As with other summary measures, the RMST value without the context of the survival curves could be misleading about clinical significance of the experimental treatment. For example, consider a trial in which metronomic chemotherapy was compared with placebo in progressive pediatric malignant solid tumors.52 No significant improvement was reported for the metronomic therapy, with median PFS of 49 and 46 days in the experimental and control arms, respectively (HR, 0.69; 95% CI, 0.47 to 1.03; log-rank P = .07). An RMST reanalysis10 reported a 0.8-month difference in PFS RMST (2.4 v 1.6 months for the metronomic and placebo arms, respectively), which was statistically significant (P = .02).
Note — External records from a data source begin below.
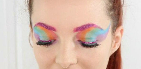 Use colors that are in the rainbow on your eyes, and for the last two colors bring them out towards your temples.
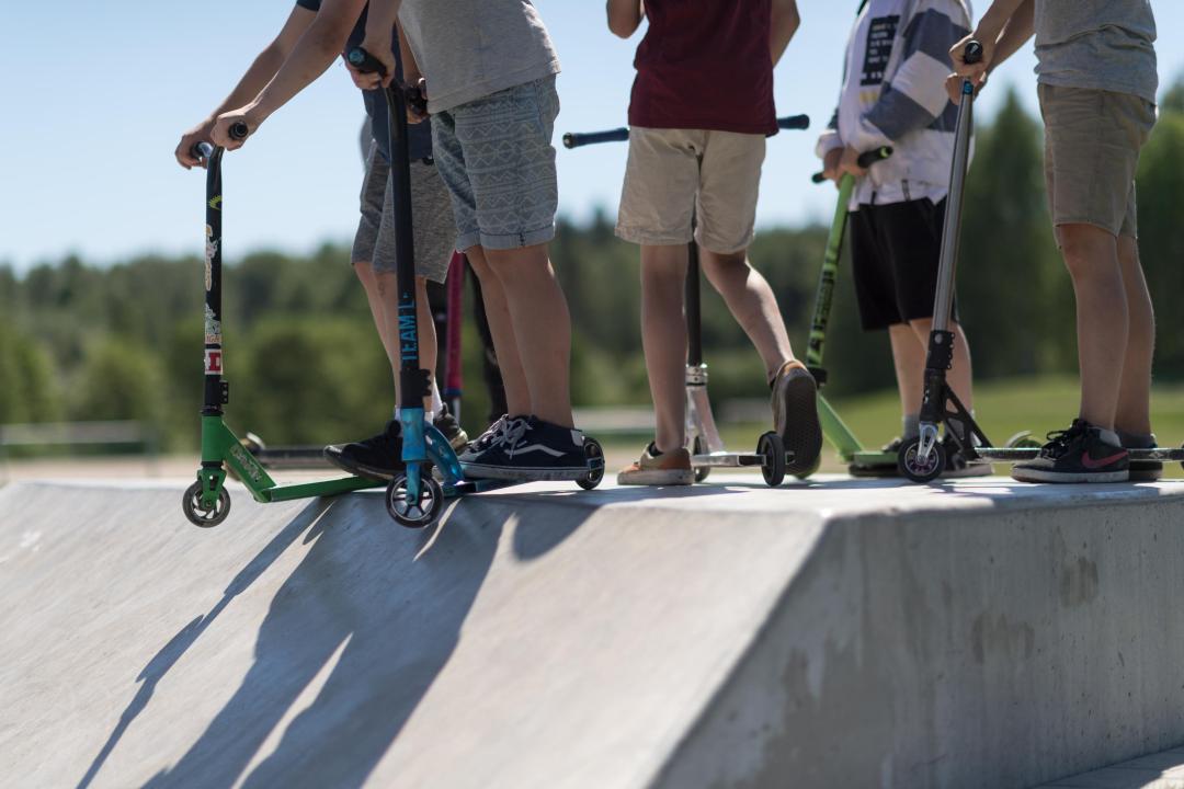 Scoottajia Hakunilan skeittipuistossa.
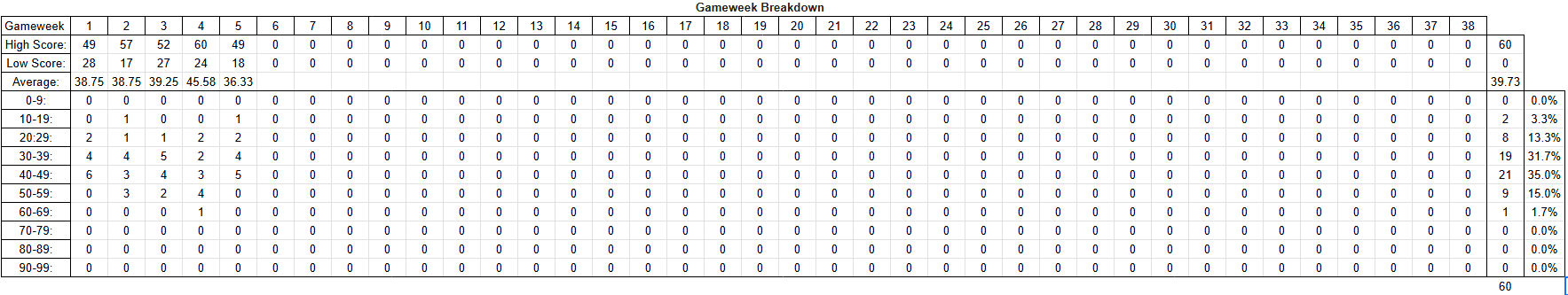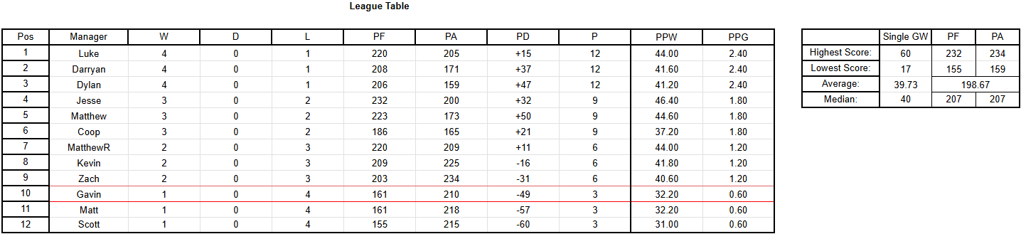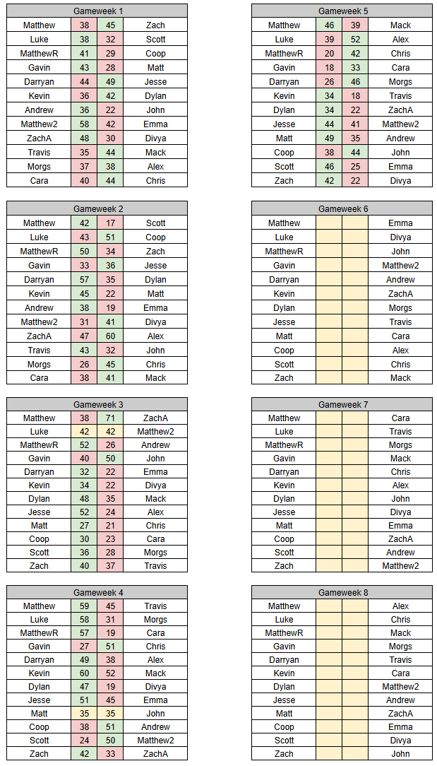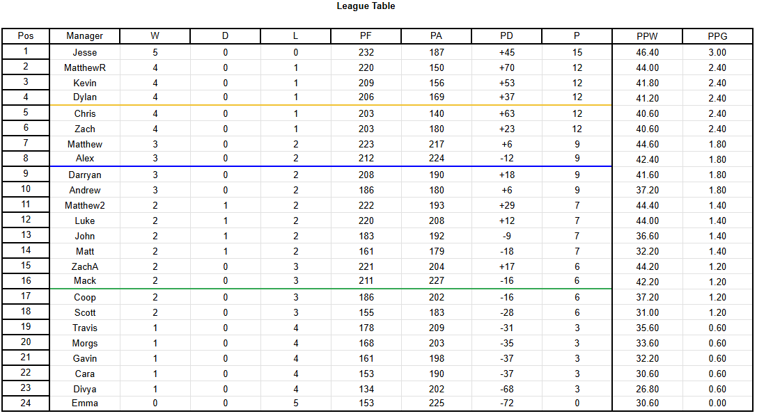 Welcome to gameweek 6 of The League(tm) group stage! With just 3 matches to go, playoff spots are still up for grabs! Highlights from this round of matchups saw League B fighting back, picking up 5 wins out of 12 (having had 3W1D last week), led by Alex's victory over Luke 52-39! Elsewhere, Jesse picked up a narrow win against my B League team 44-41, Morgs follows in my league A result's footsteps and also defeats Darryan 46-26, and John picked up some key points in a close 44-38 victory over Coop. Full results are as follows:

Fang et al10 concluded that their RMST analysis “provided a more clinically meaningful interpretation of the treatment effect.” Given absence of any clinically meaningful differences in the observed PFS curves,52 one would have to agree with Pramanik et al11 that regardless of the statistical significance, “this meager difference between mean survivals may remain clinically unimportant.”
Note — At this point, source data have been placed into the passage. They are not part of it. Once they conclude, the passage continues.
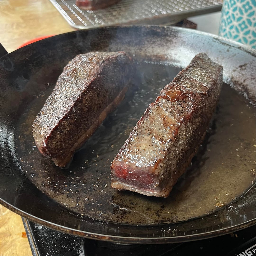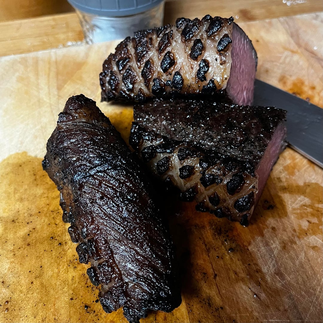 Pictures in order — sliced with the grain, seasoned all sides (thin unseasoned is for the dog), pre-searing, pre-seared, prep for sous vide, edging, charr-bonized crust, bonus dog’s steak.
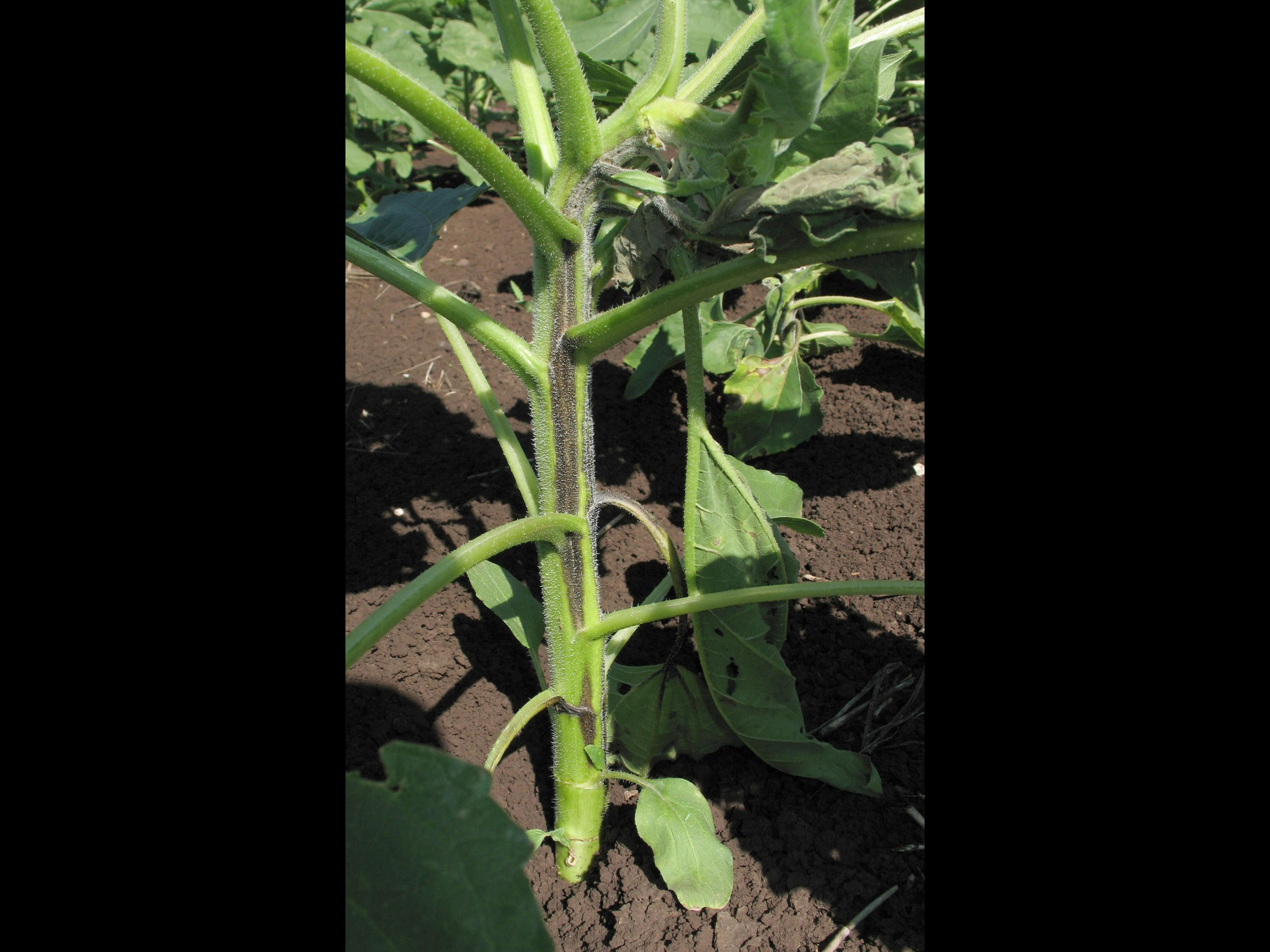 - Necrotic streaks on stem of sunflower infected with TSV
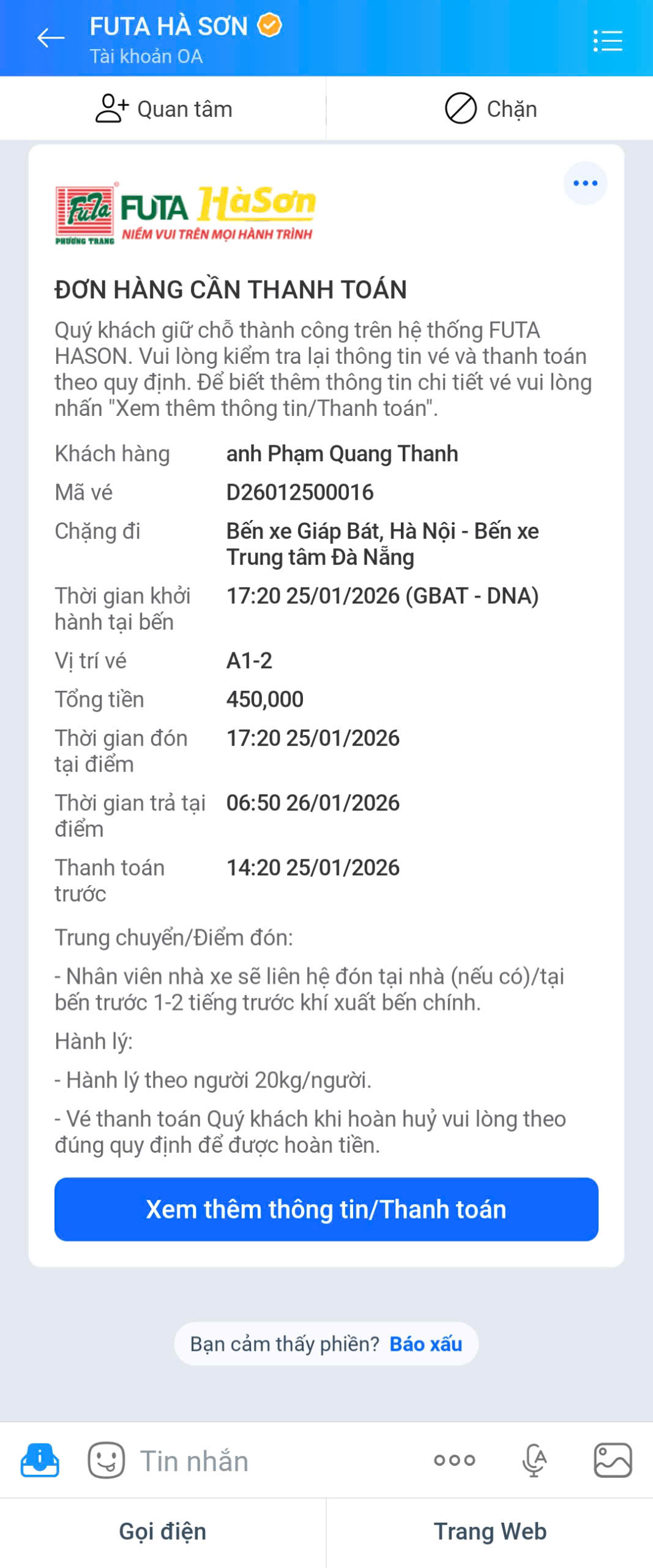 Bước 5: Futa Hà Sơn gửi email/zalo xác thực hoàn tất thanh toán cho khách hàng.

In another example, a trial evaluating the efficacy of neratinib after trastuzumab-based adjuvant therapy in early-stage HER2-positive breast cancer53 reported a disease-free survival HR of 0.67 (log-rank P = .0091). In their reanalysis, Hasegawa et al4 noted that the observed HR of 0.67 corresponds to just a 0.5-month improvement in RMST disease-free survival (from 23.0 to 23.5 months) and suggested that this improvement was of “debatable advantage.” In response, Chan et al5 noted that the RMST analysis used a τ of 24 months. This implies that the maximum possible RMST is 24 months (which would be if all experimental patients were cured), so the maximum possible improvement in RMST is 1.0 month (from the 23-month RMST observed in the control arm). Therefore, the observed 0.5-month improvement in the neratinib arm represents 50% of the maximum possible effect (ie, everybody is cured)—an improvement that would seem of clinical significance.

Kaplan-Meier curves (with CIs) for the experimental and control arms of an RCT offer a comprehensive display of the experimental-arm effectiveness. Trying to reduce these curves to a single summary of treatment benefit is challenging. Although the clinical utility of an estimator is somewhat in the eyes of the beholder, we are unimpressed by the RMST ability to consistently capture the magnitude of clinical benefit across clinical settings.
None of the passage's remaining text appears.